To boost funding for Nigerian creative industry, the African Development Bank (AfDB), the Islamic Development Bank (IsDB), and the French Development Agency (FDA) have announced plans to invest $618 million dollars in the Digital and Creative Enterprises Programme (I-DICE) in Nigeria.

This was disclosed by the president of the AfDB, Dr Akinwumi Adesina,  at the Nigeria International Economic Partnership Forum during the 77th United Nations General Assembly in New York.

AfDB added that the fund will support 225 creative start-ups and 451 digital technologies small and medium-sized enterprises, or digital SMEs.

Adesina disclosed that the enterprises would create 6.1 million jobs and add $6.4 billion worth of economic productivity to Nigeria’s economy.

According to Adesina: “That is the power of international partnerships working for Nigeria. Investors must recognise this and invest. The future is not just digital; the future will be driven by digital revolution.

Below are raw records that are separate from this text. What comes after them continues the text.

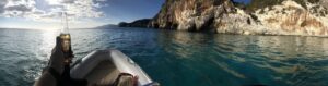 Přejíždíš z pláže na pláž, koupeš se, šnorchluješ, opaluješ, lovíš ryby, prozkoumáváš jeskyně a když si sebou vezmeš cajky na lezení, užiješ si i lezení. Člun s výkonem čtyřiceti koní stojí od nějakých 100 eur na den a nepotřebuješ žádnou licenci. Na sto koní už papíry mít musíš a zaplatíš skoro dvojnásobek, ale musím říct, že těch 40 koníků řehtalo báječně. Letěli jsme po vlnách jako vítr a Markéta měla co dělat, aby holky udržela v lodi. 🙂
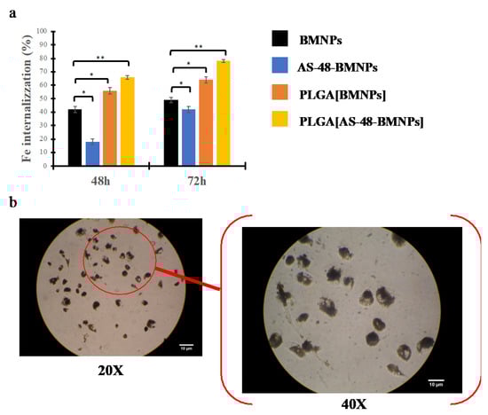 (a) Quantitative analysis of BMNPs by measuring the Fe content inside the macrophages after 48 and 72 h in TH1-P cell line following treatment with BMNPs (229 μg/mL), AS-48-BMNPs (229 μg/mL BMNPs and 32 μg/mL AS-48), PLGA[BMNPs] (457 μg/mL PLGA, 229 μg/mL BMNPs), PLGA[AS-48-BMNPs] (457 μg/mL PLGA, 229 μg/mL BMNPs and 32 μg/mL AS-48). (b) Brightfield microscopy of THP-1 cells treated 72 h with PLGA[AS-48-BMNPs] * p ≤ 0.05, ** p ≤ 0.001.
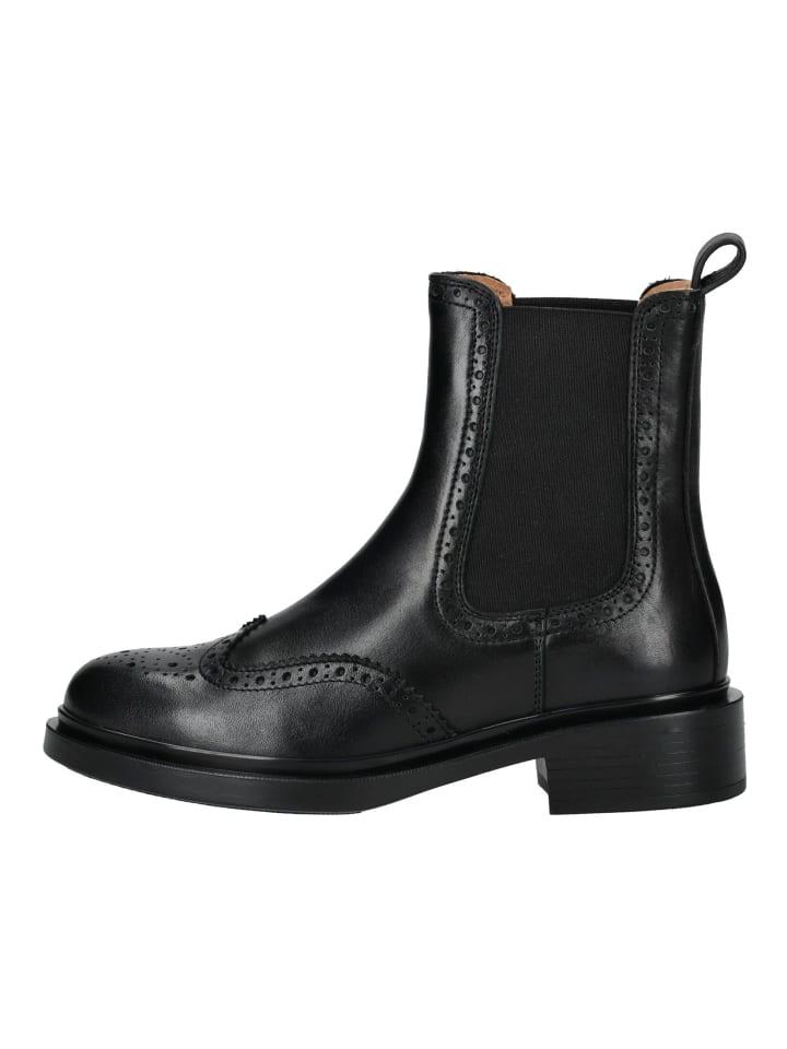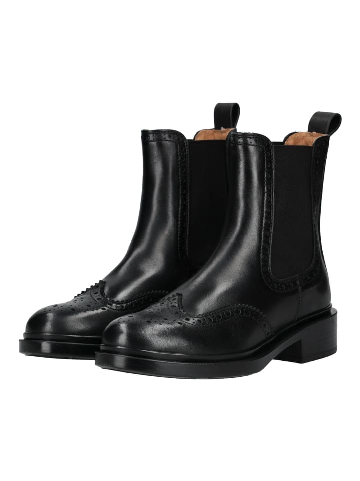 Эти элегантные ботинки челси сочетают в себе вневременную элегантность и современный комфорт. Высококачественная гладкая кожа дополнена стильными деталями в стиле броги, придающими обуви классический характер. Благодаря эластичным боковым вставкам и петле на пятке их легко надевать и снимать. Прочная подошва с небольшим каблуком обеспечивает надежную опору и подчеркивает изысканный образ. Универсальные ботинки, идеально подходящие как для повседневной носки, так и для элегантных образов.
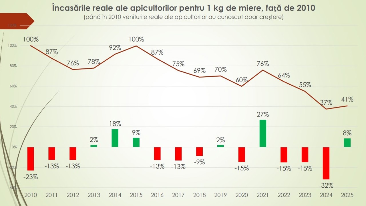 Situația s-a reflectat direct în veniturile obținute de apicultori. Încasările au fost influențate atât de fluctuațiile prețurilor și ale cheltuielilor, cât și de consumul de pe piața internă, aflat în descreștere.
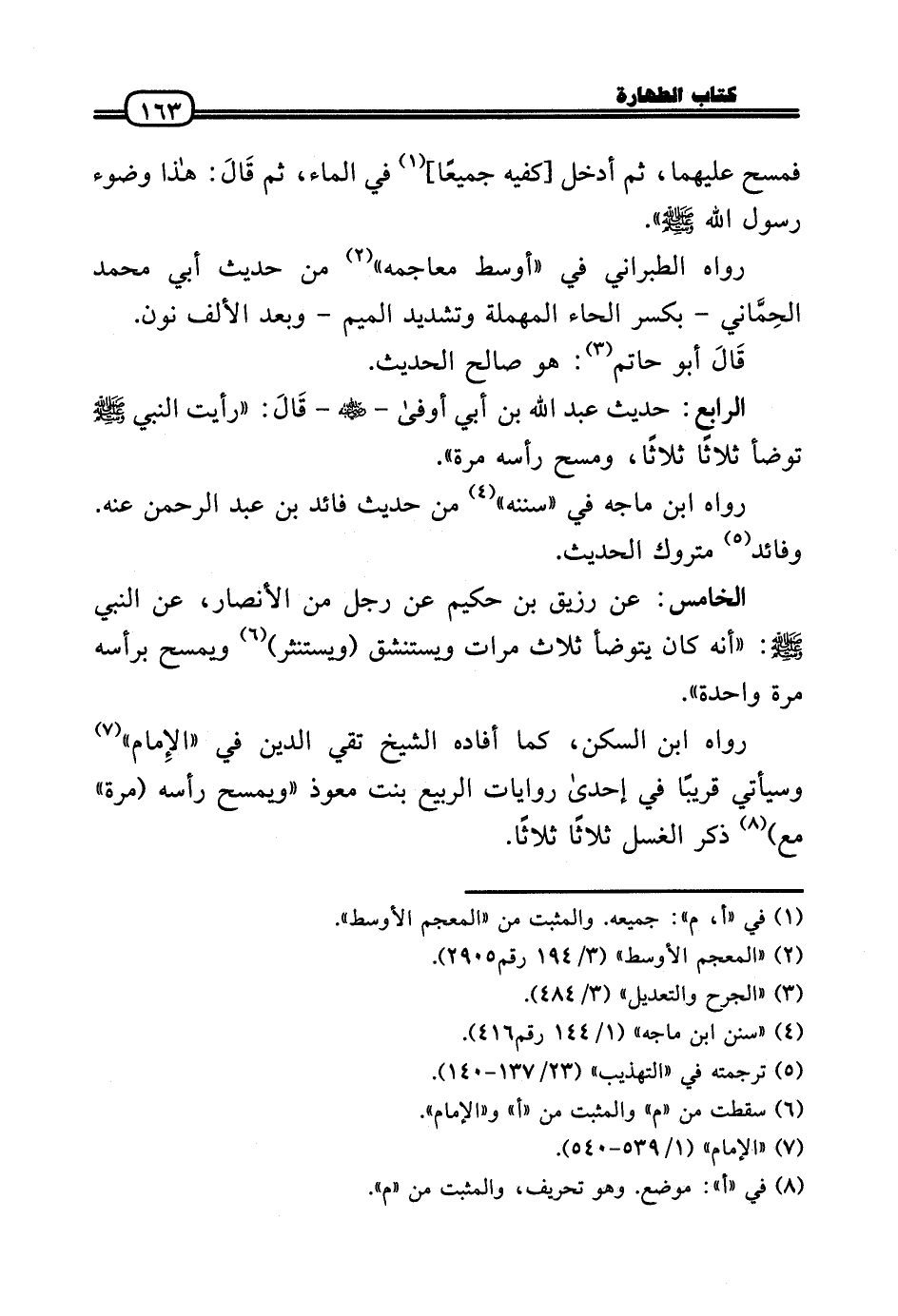 الرَّابِع: حَدِيث عبد الله بن أبي أَوْفَى - رَضي اللهُ عَنهُ - قَالَ: «رَأَيْت النَّبِي - صَلَّى الله عَلَيْهِ وَسلم - تَوَضَّأ ثَلَاثًا ثَلَاثًا، وَمسح رَأسه مرّة» .
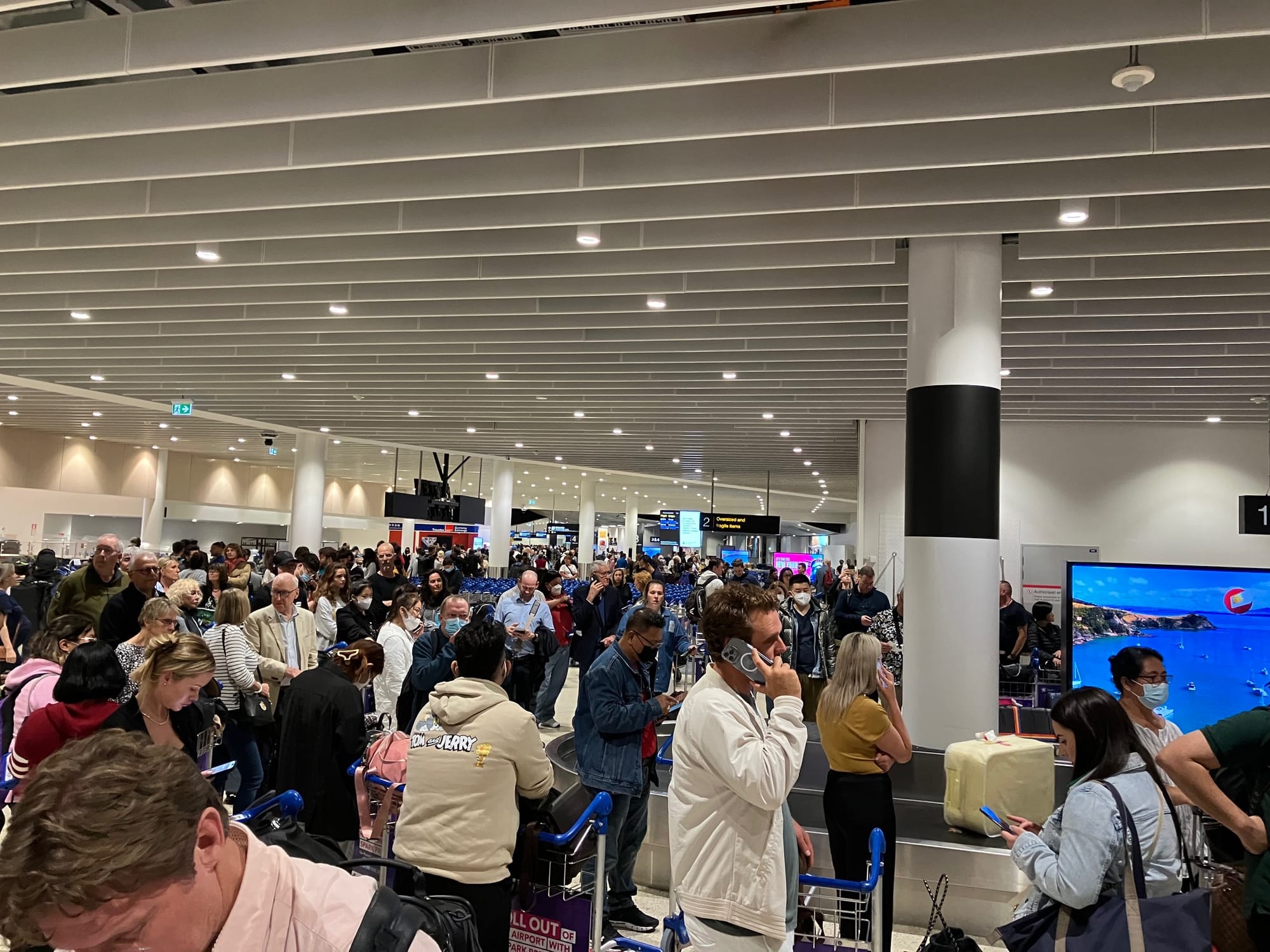 Upon entering the area for bag collection, it was the biggest shambles I have ever seen in the one million-plus miles I have done. There were hundreds of abandoned bags, which also poses an extreme safety threat, and thousands of very angry and frustrated passengers. We were directed to collect our bags from belt one, where there was very little information and even less signs of any bags coming off landed planes. After waiting over an hour, people starting asking questions and the anger worsened as no one had the slightest explanation.
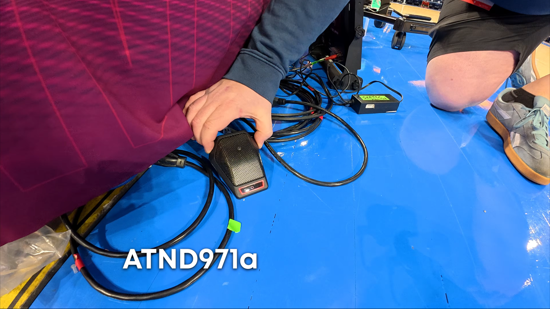 コート上の音を拾うには多くのマイクが必要ですが、試合の邪魔にならず、視聴者にも目立たない形で設置する必要があるとのこと。ケーブルは中継映像に映り込みにくいようバックボードの構造に沿わせるようにして隠され、最終的に音声機材へ接続されます。
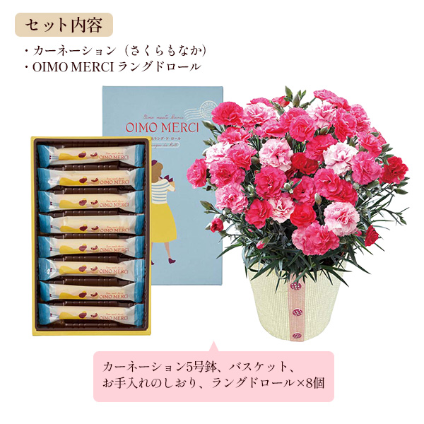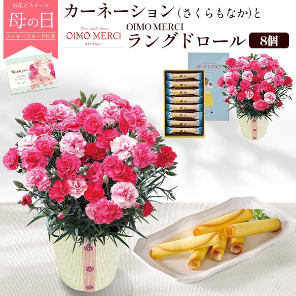 母の日 ギフト カーネーション(さくらもなか) 花とスイーツ ギフトセット 「OIMO MERCI」 ラングドロール 8個セット 焼菓子 詰め合わせ お花ギフト おしゃれ プレゼント かわいい 母の日ギフト お花セット 甘味 スイーツ 30代 40代 50代 60代 70代 メッセージカード付き

“Today, Nigeria has five of the seven unicorns in Africa and raised almost 1.4 billion dollars of the total of four billion dollars raised by Fintech companies across Africa in 2021.

“When you think of financial services digital innovations, think Nigeria, with Flutterwave, OPay, Andela and Interswitch holding the status of unicorn companies, worth at least one billion dollars each”.

The AfDB chief added that the bank had so far invested 4.5 billion dollars in Nigeria, adding that the country remained an attractive investment destination. Also, the International Fund for Agricultural Development and IsDB had provided $540 million to develop Special Agro-industrial processing zones to help unlock the agricultural potential in Nigeria to boost food and agribusiness value chains across Nigeria and make Nigeria more competitive.

He noted further that reducing Nigeria’s infrastructure deficit is also important, citing the National Integrated Infrastructure Master plan, which shows that Nigeria will need a total financing of 759 billion dollars to support infrastructure over a 23-year horizon (2020-2043).

“This covers tackling the crippling lack of energy to power the economy, including power generation, transmission and distribution infrastructure, water and sanitation, and transport infrastructure,” he said.